(Stored entries)

□ □ □ □ □ □ □

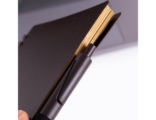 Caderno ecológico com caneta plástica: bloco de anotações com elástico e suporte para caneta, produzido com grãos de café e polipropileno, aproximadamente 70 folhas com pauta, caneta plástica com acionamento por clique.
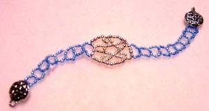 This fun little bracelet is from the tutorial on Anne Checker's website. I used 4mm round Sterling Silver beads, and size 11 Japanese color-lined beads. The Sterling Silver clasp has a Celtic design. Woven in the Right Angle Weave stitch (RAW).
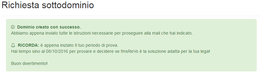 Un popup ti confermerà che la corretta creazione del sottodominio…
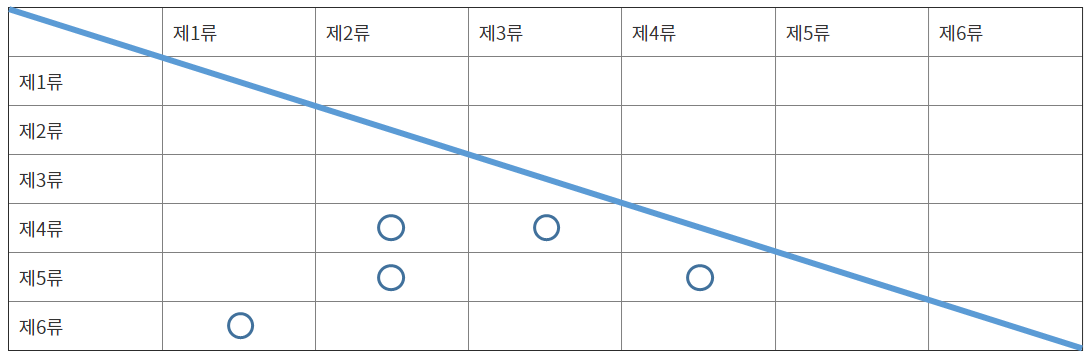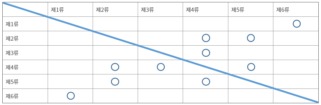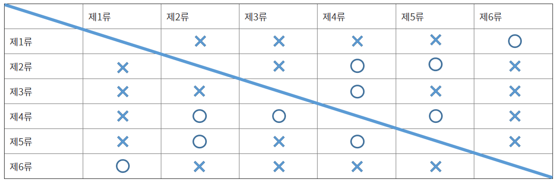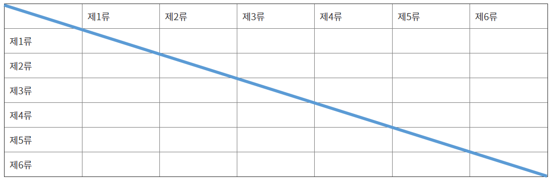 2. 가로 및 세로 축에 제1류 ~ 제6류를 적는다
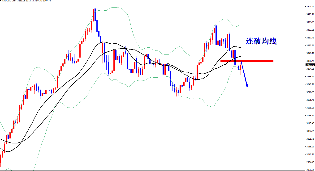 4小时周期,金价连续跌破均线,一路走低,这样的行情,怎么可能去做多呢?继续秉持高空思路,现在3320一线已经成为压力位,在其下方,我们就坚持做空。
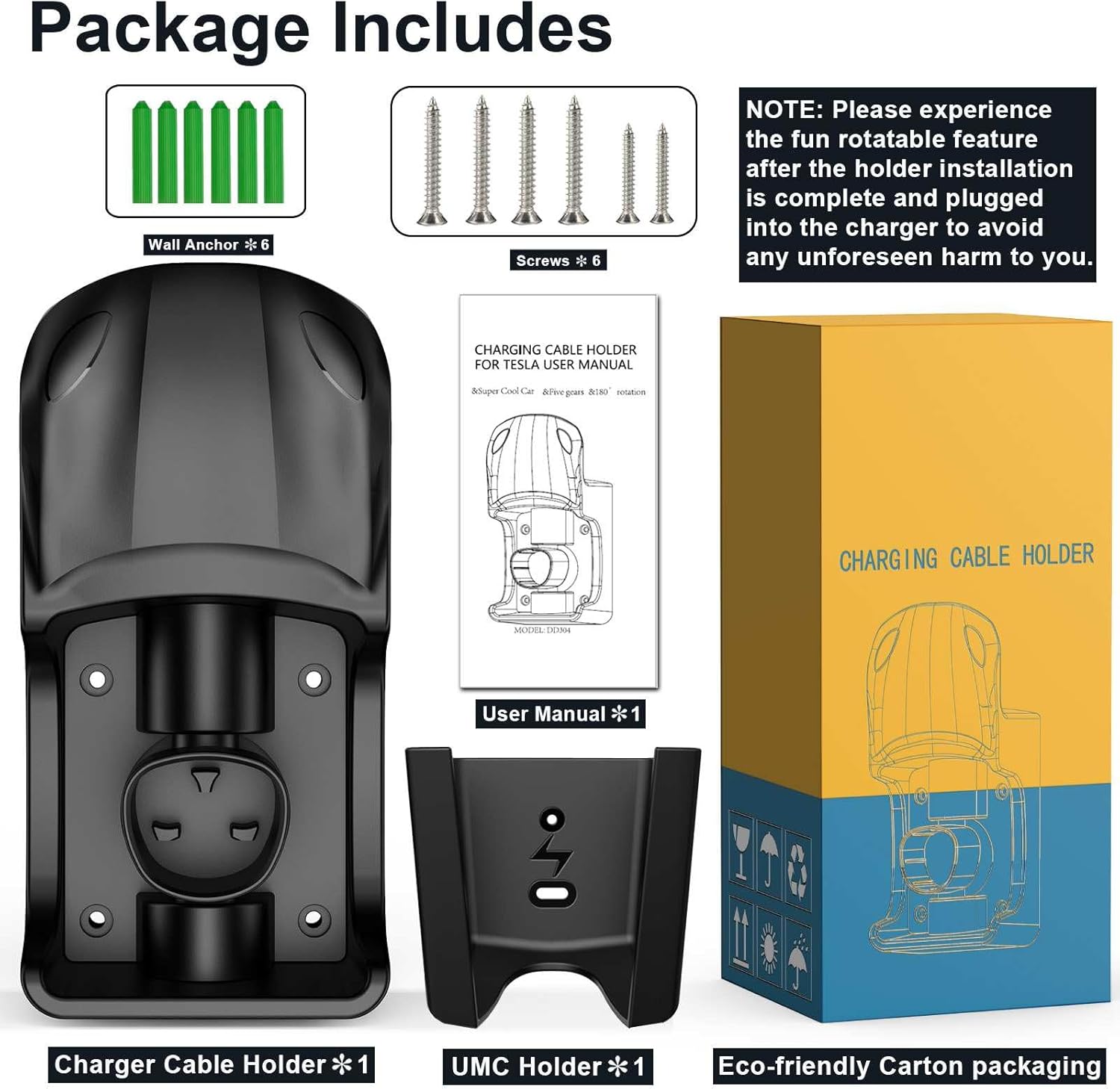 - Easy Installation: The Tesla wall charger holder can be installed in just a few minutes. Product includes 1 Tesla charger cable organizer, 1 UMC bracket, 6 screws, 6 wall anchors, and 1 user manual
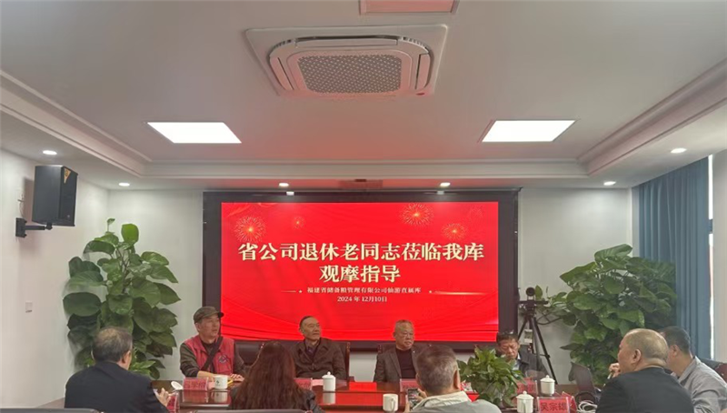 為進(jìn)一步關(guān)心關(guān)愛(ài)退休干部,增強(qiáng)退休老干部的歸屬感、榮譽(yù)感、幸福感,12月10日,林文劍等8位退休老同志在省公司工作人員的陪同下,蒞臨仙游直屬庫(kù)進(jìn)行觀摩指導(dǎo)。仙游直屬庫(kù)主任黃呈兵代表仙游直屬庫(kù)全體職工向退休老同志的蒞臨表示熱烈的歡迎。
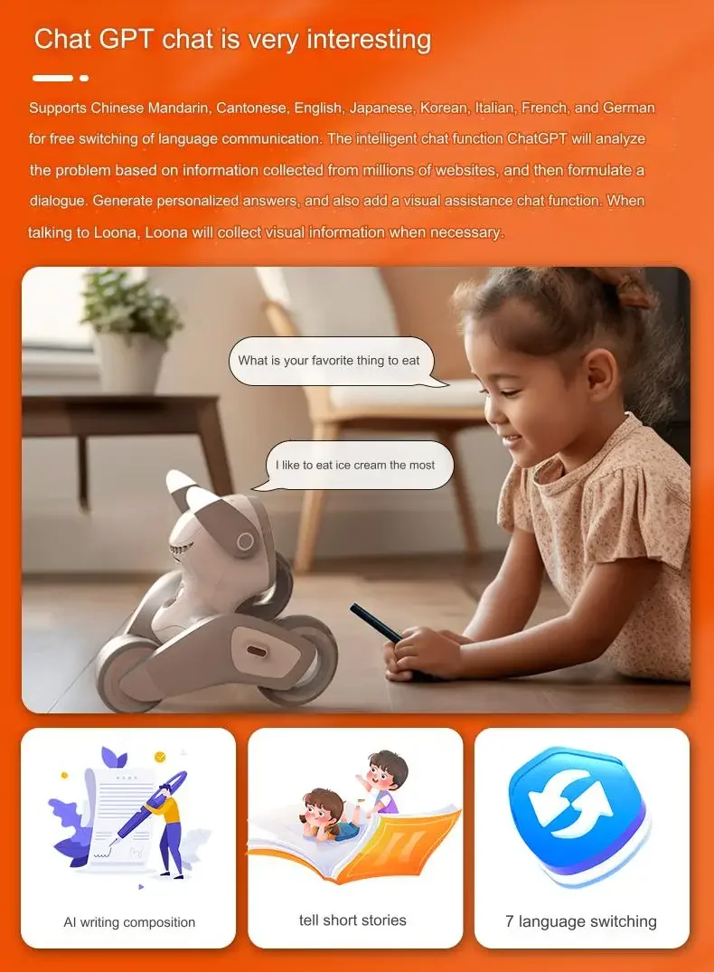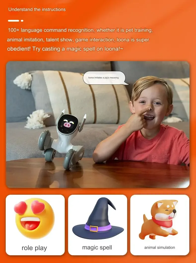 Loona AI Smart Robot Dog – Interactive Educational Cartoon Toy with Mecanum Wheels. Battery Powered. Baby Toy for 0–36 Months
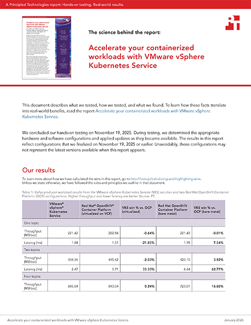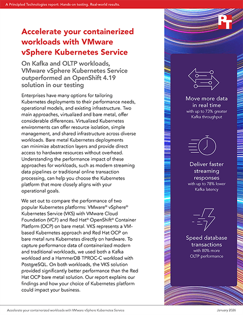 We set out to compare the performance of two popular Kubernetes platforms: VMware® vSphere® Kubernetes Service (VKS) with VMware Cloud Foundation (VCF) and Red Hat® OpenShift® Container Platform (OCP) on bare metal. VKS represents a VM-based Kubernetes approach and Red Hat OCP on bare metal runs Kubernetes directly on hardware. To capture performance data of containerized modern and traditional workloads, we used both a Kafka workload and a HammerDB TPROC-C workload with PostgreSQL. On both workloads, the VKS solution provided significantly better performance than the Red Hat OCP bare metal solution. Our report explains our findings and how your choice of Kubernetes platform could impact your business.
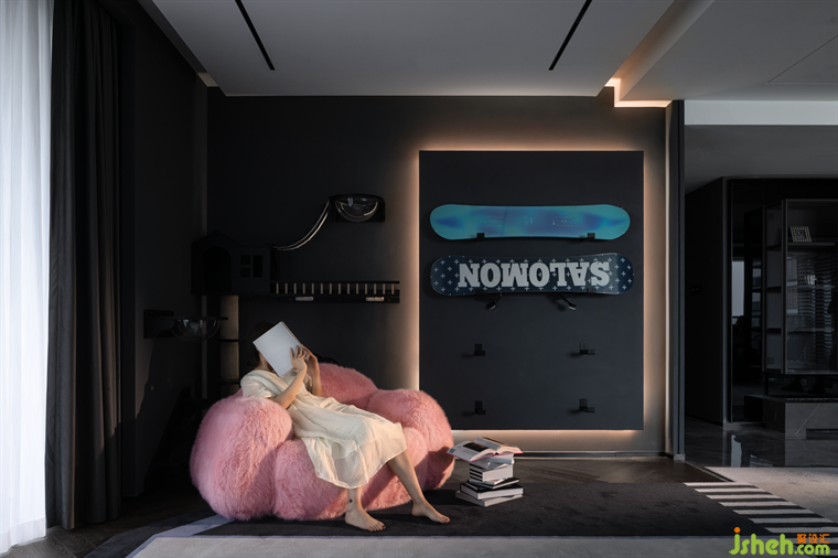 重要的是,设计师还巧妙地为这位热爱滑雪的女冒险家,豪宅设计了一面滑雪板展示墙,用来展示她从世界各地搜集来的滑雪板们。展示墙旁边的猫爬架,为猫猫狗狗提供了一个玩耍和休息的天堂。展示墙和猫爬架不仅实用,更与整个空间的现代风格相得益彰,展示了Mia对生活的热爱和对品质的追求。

□ □ □ □ □ □ □

Every line above should be transcribed word for word; leave the pictures out.

 Caderno ecológico com caneta plástica: bloco de anotações com elástico e suporte para caneta, produzido com grãos de café e polipropileno, aproximadamente 70 folhas com pauta, caneta plástica com acionamento por clique.
 This fun little bracelet is from the tutorial on Anne Checker's website. I used 4mm round Sterling Silver beads, and size 11 Japanese color-lined beads. The Sterling Silver clasp has a Celtic design. Woven in the Right Angle Weave stitch (RAW).
 Un popup ti confermerà che la corretta creazione del sottodominio…
 2. 가로 및 세로 축에 제1류 ~ 제6류를 적는다
 4小时周期,金价连续跌破均线,一路走低,这样的行情,怎么可能去做多呢?继续秉持高空思路,现在3320一线已经成为压力位,在其下方,我们就坚持做空。
 - Easy Installation: The Tesla wall charger holder can be installed in just a few minutes. Product includes 1 Tesla charger cable organizer, 1 UMC bracket, 6 screws, 6 wall anchors, and 1 user manual
 為進(jìn)一步關(guān)心關(guān)愛(ài)退休干部,增強(qiáng)退休老干部的歸屬感、榮譽(yù)感、幸福感,12月10日,林文劍等8位退休老同志在省公司工作人員的陪同下,蒞臨仙游直屬庫(kù)進(jìn)行觀摩指導(dǎo)。仙游直屬庫(kù)主任黃呈兵代表仙游直屬庫(kù)全體職工向退休老同志的蒞臨表示熱烈的歡迎。
 Loona AI Smart Robot Dog – Interactive Educational Cartoon Toy with Mecanum Wheels. Battery Powered. Baby Toy for 0–36 Months
 We set out to compare the performance of two popular Kubernetes platforms: VMware® vSphere® Kubernetes Service (VKS) with VMware Cloud Foundation (VCF) and Red Hat® OpenShift® Container Platform (OCP) on bare metal. VKS represents a VM-based Kubernetes approach and Red Hat OCP on bare metal runs Kubernetes directly on hardware. To capture performance data of containerized modern and traditional workloads, we used both a Kafka workload and a HammerDB TPROC-C workload with PostgreSQL. On both workloads, the VKS solution provided significantly better performance than the Red Hat OCP bare metal solution. Our report explains our findings and how your choice of Kubernetes platform could impact your business.
 重要的是,设计师还巧妙地为这位热爱滑雪的女冒险家,豪宅设计了一面滑雪板展示墙,用来展示她从世界各地搜集来的滑雪板们。展示墙旁边的猫爬架,为猫猫狗狗提供了一个玩耍和休息的天堂。展示墙和猫爬架不仅实用,更与整个空间的现代风格相得益彰,展示了Mia对生活的热爱和对品质的追求。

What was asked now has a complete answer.